Топорков неторопливо разгладил свою курчавую бороду.
– А занимаюсь я вот этим самым, – со спокойной деловитостью в голосе ответил он. – Сожительствую. Поживешь с которой годик, а то и того меньше, и здравствуйте-прощайте, мадама. А тут еще, гляди, и другая подвернулась. Сейчас вот с ихней племянницей живу, – сказал он, указывая на дверь рукою. – Ну а сами… – он сонно ухмыльнулся, – сами мы екатеринославские. Из солдатского звания. Вот с войны еще застрял по заграницам. А домой ехать все не решаюсь. Пишут родичи: «Не ехай, ежели можешь». Голод там у них, и одежа вовсе пообносилась. – Он не без щегольства поправил свой пестрый и яркий галстук. – А то случалось и с двумя сразу дамочками жить, – продолжал Топорков, вовсе не замечая того впечатления, какое производит его рассказ на Кравцова. – Это, когда еще прахтики у мене не было насчет любовных делов. Жить с двумя дамочками очень хлопотно, – пояснил он. – Того и гляди которая из них узнает. Да и харч в такой жизни неаккуратный. Даже вовсе мизерный харч. Не то ты пообедал, не то поужинал, сам не знаешь. – Он взглянул на часы, поигрывая цепочкой. – Приглядываю я тут одну дамочку, – сказал он и плутовато подмигнул Кравцову. – Очень важная особа, и кондитерское заведение у нее свое на Оборе. Ежели заполучу эту дамочку, справлю себе беспеременно серый костюм. Я уже и матерьялец приглянул в лавке… А вам будет от меня угощение, – неожиданно заключил Топорков, подмигнув опять Кравцову. – Вроде как свадьбу отпразднуем.
– О нет, я нет… – растерянно запротестовал Кравцов.
– Да уж погуляем, будьте благонадежны, – уверенно сказал Топорков. – На все двадцать пять погуляем.

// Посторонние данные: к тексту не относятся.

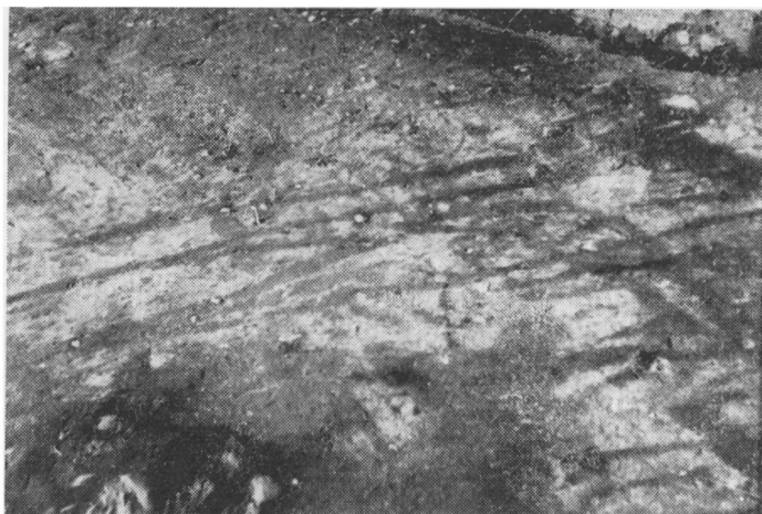
Fig. 4. Nærbillede af pløjesporene.

Spørgsmålet om oldtidsagrene og deres alder vil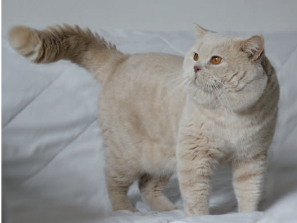
GIC Merlin Nimble Cat CZ. Tento kocúr je pre chovateľku stelesnením predstáv o britskej krátkosrstej mačke nielen kvôli typu, ale aj jedinečnosti pôvodu

Je potrebné napísať, že určité plemeno mačiek si od chovateľa kúpite len s preukazom o pôvode (PP). Bez preukazu o pôvode v žiadnom prípade nemožeme hovoriť o plemene. Mačiatko bez PP je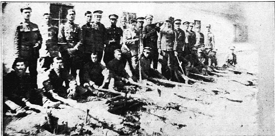
Τὸ ψήσιμο τῶν ἀρνιῶν εις τὴν 3ην Ἴλιν τοῦ 2ου Ἰππικοῦ Συνταγματος.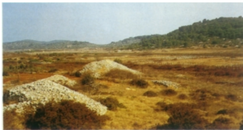
Pogled na dio prostranoga viškog polja

Bitka je započela u 10,45, a završena je oko 15 sati potpunom austrijskom pobjedom i bijegom poražene flote prema Anconi. Pobjeda pod Visom bila je od neprocjenjive vrijednosti ne samo za austrijske interese i ciljeve već i za hrvatsko narodno osvješćenje i preporod jer su najbrojnija posada austrijskih ratnih brodova bili upravo primorski Hrvati. Bilo je stoga mnogo slavlja, veselja i pjesama. Iako talijanska flota nije viškom bitkom bila ozbiljno

Вы еще не видали, как у Топоркова может душа шуметь.
Он самодовольно расправил бороду, топорща ее от подбородка вверх и рассыпая на две стороны ослепительно рыжим веером. И тут же внезапно поднялся с дивана во весь свой богатырский рост.
– Одначе пора смываться, – сказал он, в третий раз и не без удовольствия поглядывая на часы. – Тожа вот штучка от дамочки, – сказал он, со смаком щелкнув по часовой крышке пальцем. – А цепочку мне уже потом другая особа преподнесла.
Он широко, во весь рот, ухмыльнулся. И прежде чем Кравцов успел что-либо сообразить, страшная рука сдавила своими железными пальцами его маленькую беспомощную руку. Кравцов вскрикнул.
– Ай, ай, – удивился Топорков, – никак пораненная у вас рука. Так я с вами в другой раз за левую буду здоровкаться.